第3話 上賀茂さん (神山号の日課は)

 矢文やぶみが届いた翌日の昼下がり、旅支度を終えた下鴨しもがもただしは鳥居前の休憩処「さるや」で床几しょうぎに腰掛け、かき氷を食べながらつかいが来るのを待っていた。


 昨日、意気揚々と戻ってきた烏によると、「明日の午後、遣いを行かせるから境内で待て」とのことだった。待ち合わせの指定がざっくり過ぎる気もするが、境内の中ならどこにいても良いのだから、それほど気にすることではない。しかし、今日は38度の猛暑日。こうも暑いと何もする気になれないから、結局茶屋でのんびり待っている。


 旅支度といっても、荷物は風呂敷包みがひとつだけ。装いも普段と変わらない。白地の浴衣に描かれているのは幾羽もの烏。朱色の帯を矢の字に締めて、束ねた髪には葵桂あおいかつらを挿している。


「かき氷は美味しいねぇ。こんなに暑い夏でも氷を作ってしまうなんて、文明恐るべしだね」

 誰に言うでもなくつぶやきながら氷を口に含む。舌に触れると、初雪のようにふわりと溶けてゆく。


 そのうち、遠くからひづめの音が聞こえてきた。


 一頭の馬がこちらに向かって駆けてくる。馬は段々と速度を落とし、下鴨の前で立ち止まった。雪のように真っ白な馬だ。


 ただし、王子様が乗っていそうなスレンダーな白馬ではない。ずんぐりとしていて、脚は太く短い。垂れ目気味の瞳は黒豆のように艶やかで、たっぷりのまつ毛が優しげな表情を作っている。銀白色のたてがみは日の光を受けて輝き、ずんぐり体型など気にならないほど、どの馬にも負けない神々しさを放っていた。それもそのはず、この馬が先刻から下鴨が待っていた遣いであった。


「お迎えにあがりました」

「待っていたよ、神山号こうやまごう。わざわざ悪いね」


 神山号というのが彼の名前である。ずんぐりむっくりの白馬は、ふん、と鼻を鳴らした。

「まったくだ。何故この俺様があいつの指示を受けてあんたを迎えに行かなければならんのだ。あいつが直接行けばいいではないか。あるいは、お前が来い」

 温厚な見た目からはおよそ想像できない荒々しい言葉が返ってきた。


 神山号は上賀茂神社の御祭神、賀茂別雷大神かもわけいかづちのおおかみ神馬しんめである。彼は正真正銘の神の遣い、つまり霊的な存在だが、人間界にも同じく神馬の神山号がいる。生きている神山号は当然世代交代があり、現在は七代目神山号と呼ばれているのだが、ややこしいから、界隈では神山号と七代目で呼び分けている。


 七代目をはじめ、人間界の神山号は歴代みな穏やかな性格である。それが神馬の選考基準の一つだからなのだが、よく人間の言うことに従い、参拝客からのおやつを美味しそうに食べている。こちらの神山号とは正反対だ。

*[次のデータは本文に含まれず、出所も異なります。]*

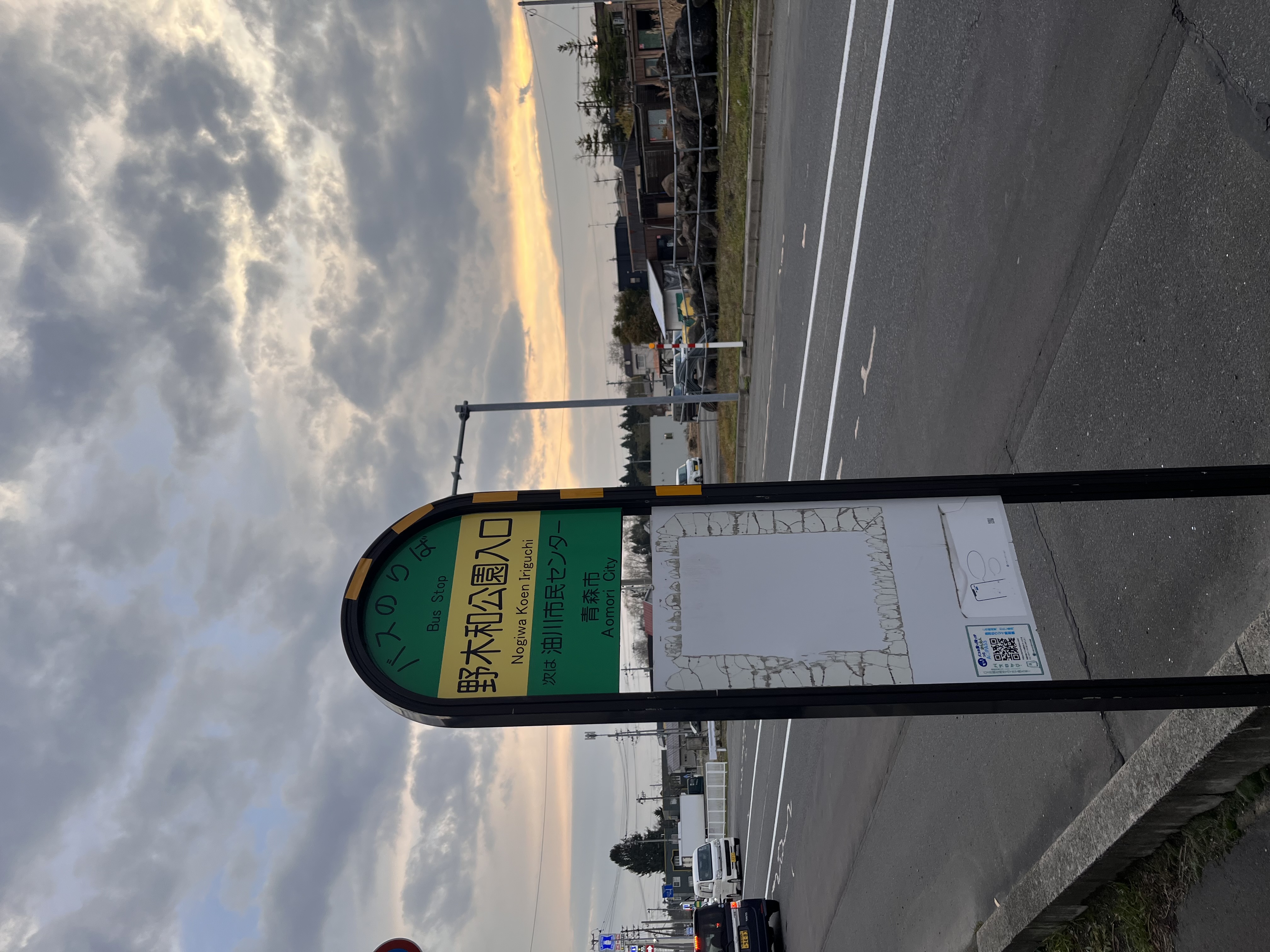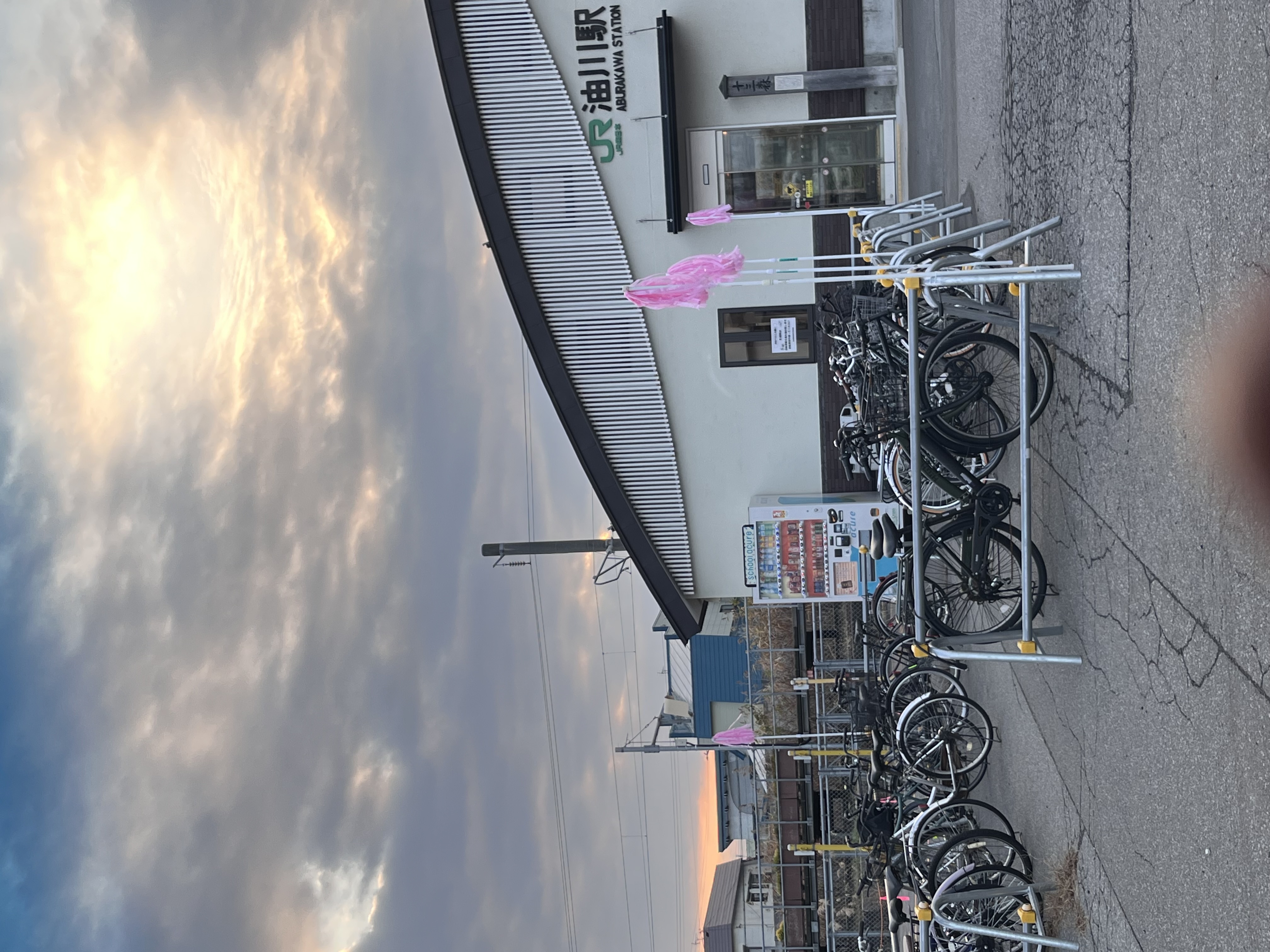 15:32 JR油川駅&JP油川駅上空は日入りの前ぶりが見られます、自転車置き場は冬場の置き場が縮小されるので「持ち帰りのお願い]が告知されています。
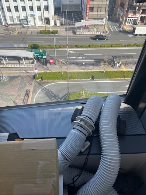 窓は扇形に約15センチしか開かず、そのままでは換気が難しい環境。そこで、写真・動画のように排気経路を改善し、匂いが室内へ漏れない対策を独自に構築しました。
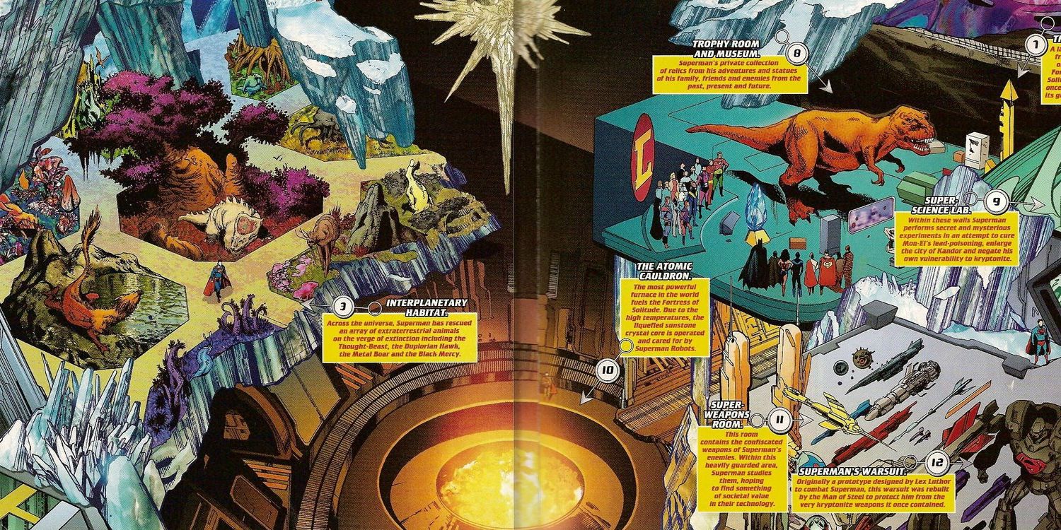 Como se desprende de su nombre, la Fortaleza de la Soledad le permite a Superman pasar algún tiempo a solas. Pero eso no significa que sea sólo una sala helada sin nada dentro. En la misma línea que la Baticueva de Batman, la Fortaleza de Superman contiene muchos trofeos y recuerdos de sus aventuras pasadas junto con artefactos kryptonianos que lo conectan con su herencia alienígena. Superman también utiliza la tecnología avanzada dentro de la Fortaleza para estudiar y realizar investigaciones. La afinidad de Gunn por el lado extraño y divertido de los cómics de la Edad de Plata y el Bronce podría implicar que la Fortaleza también puede albergar artefactos notables como la Ciudad Botella de Kandor y zoológicos alienígenas.
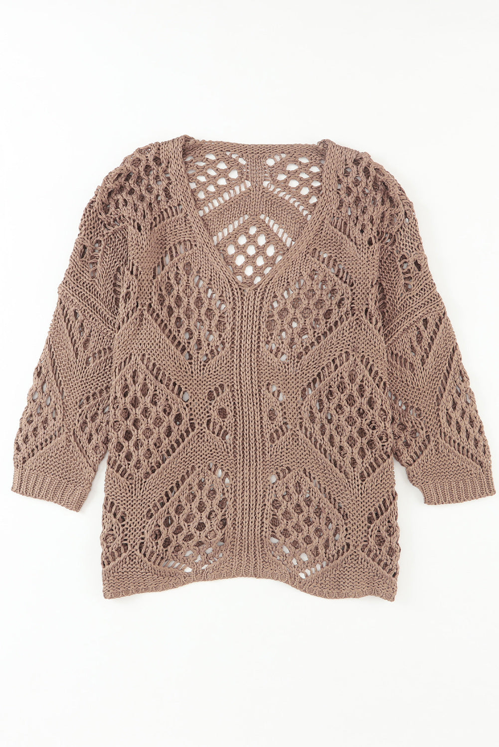 - Ce pull à manches dolman à col en V en tricot creux est audacieux et chic
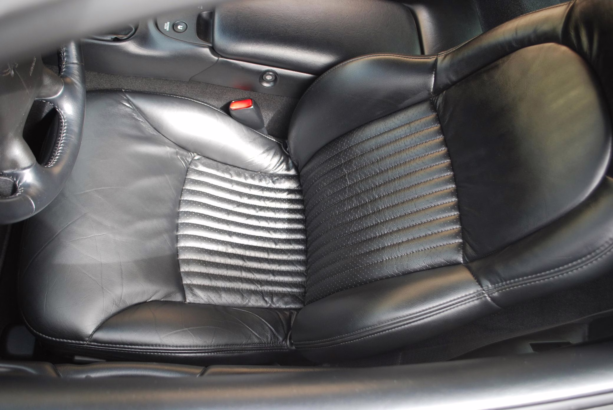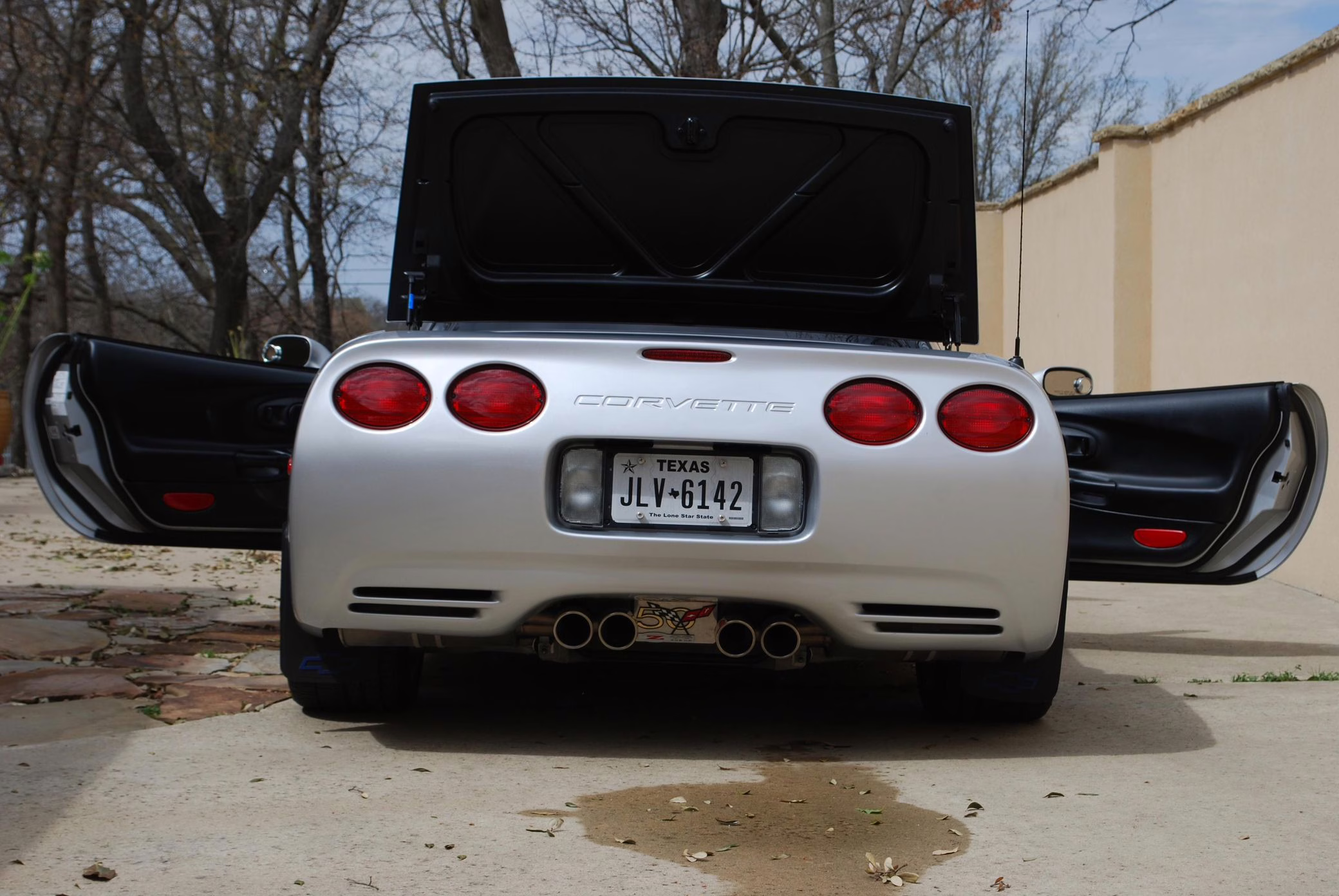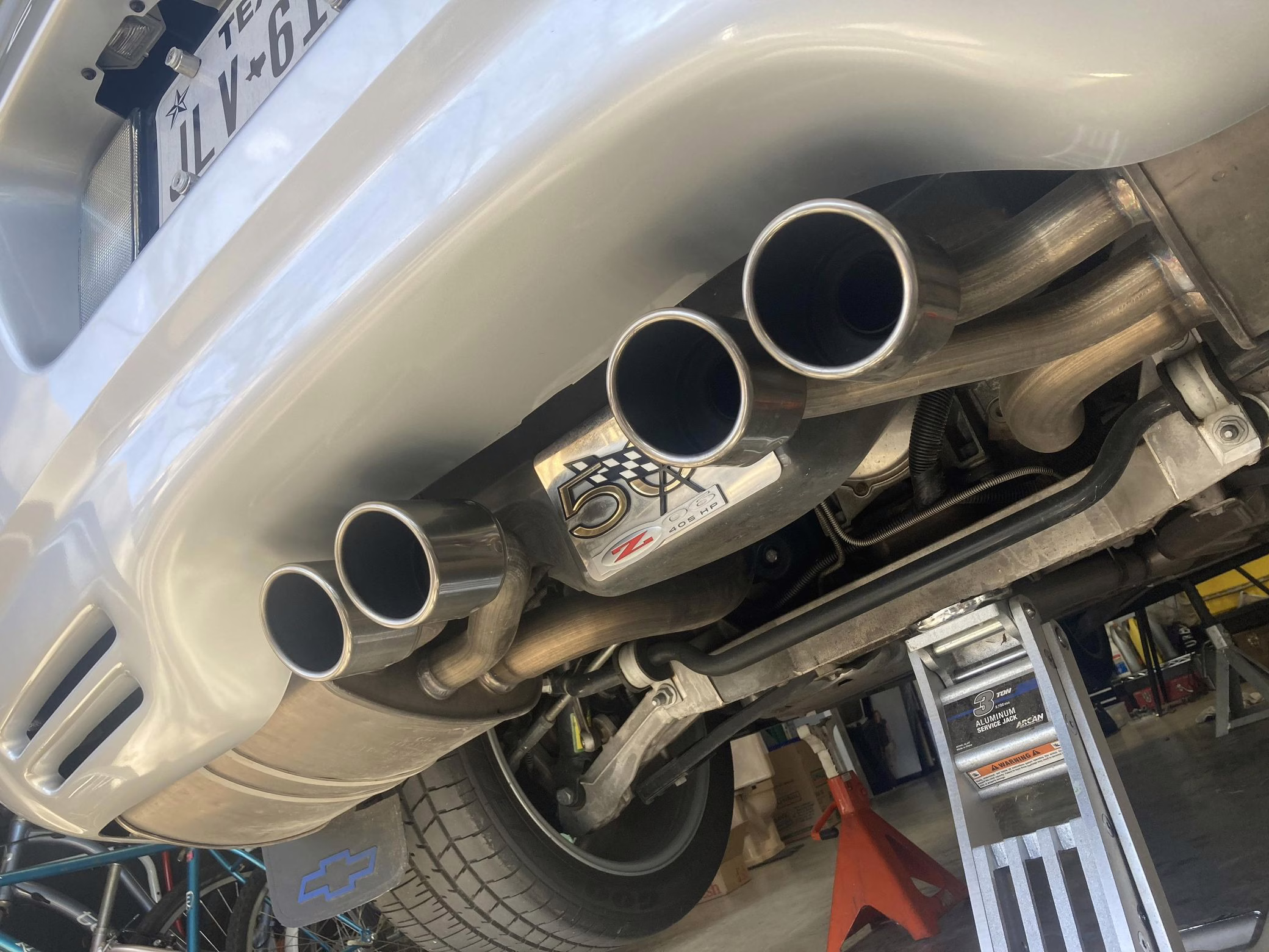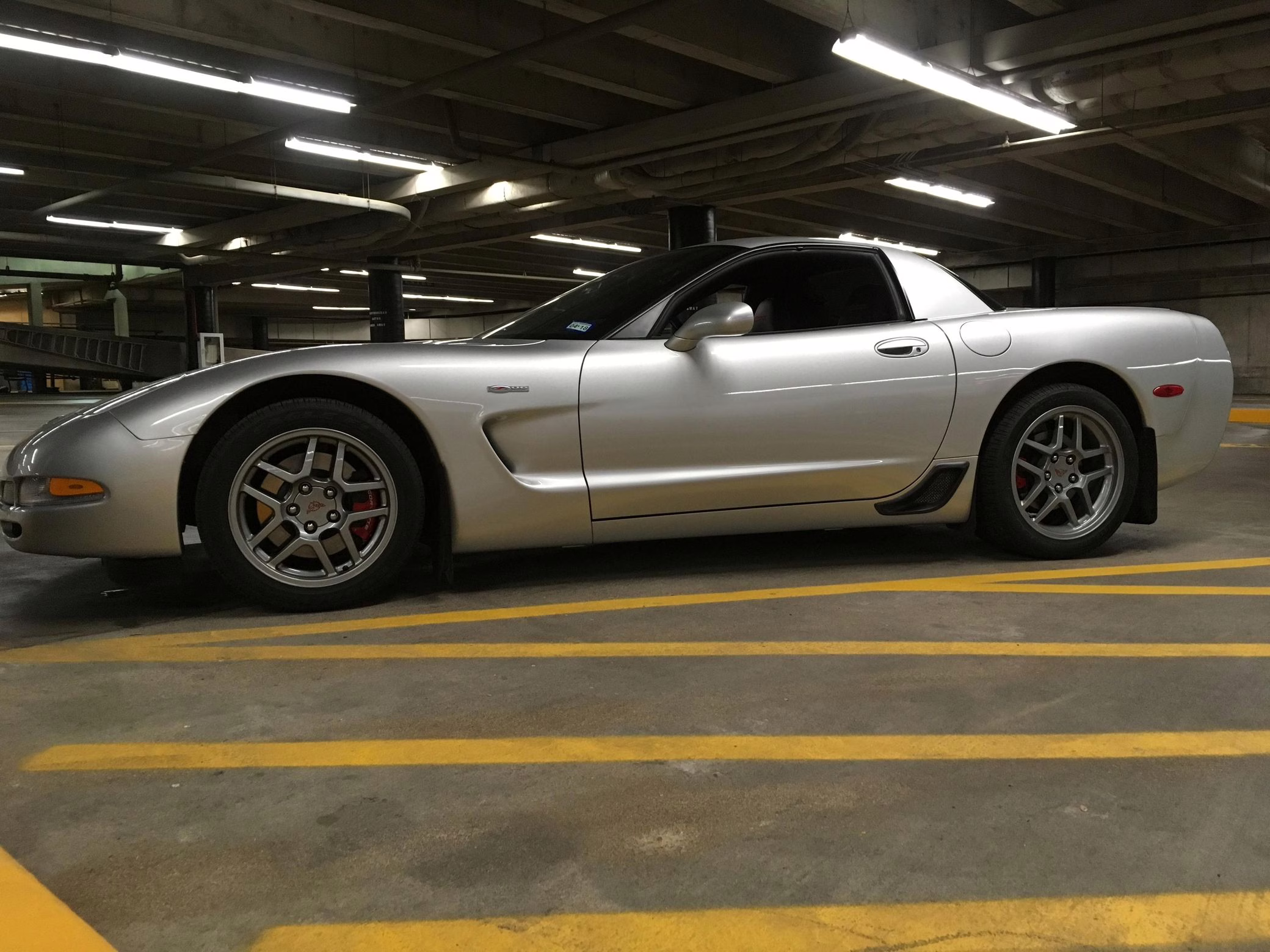 Modifications are limited to the addition of window tint, additional Z06 badging, and deer whistles mounted in the brake ducts. It’s also had a “CAGS defeat,” which disables the “skip-shift feature” that forces the driver to shift from first to fourth gear under certain conditions.

 ちなみに、七代目は競馬場からスカウトされたサラブレッドなので、大変見目麗しい。


「相変わらずだね。でも、なんだかんだ言いつつも来てくれる神山号のこと、私は好きだよ」

「はっ。あんたに好かれても嬉しくないね」

 満更でもない表情なのが彼の愛すべきところである。下鴨は、待ってて、と言い置いて茶屋の中へ入って行く。しばらくして、コロンと丸い餅が2つ乗った皿を持ってきた。

「さあさあ、迎えのお礼にこちらをどうぞ」

「む、申餅さるもちか。いただこう」

 神山号がパカリと口を開ける。下鴨は、うっすらと小豆のような赤みのさした申餅を、開いた口の中に投げ入れる。


「うまいな」

「お、馬だけに?」

「うっせえ。早くもう一つも寄越せ」

「もう、本当に口が悪いね君は」

 呆れながら残りの餅も放り込んでやる。神山号は満足そうに飲み込むと、げぷっと息を吐いた。

「そろそろ行くぞ」

「ところで、今日はどこに行くのかな」

「すぐそこだ」

 下鴨を乗せた神山号は高らかにいななき、駆け出して行った。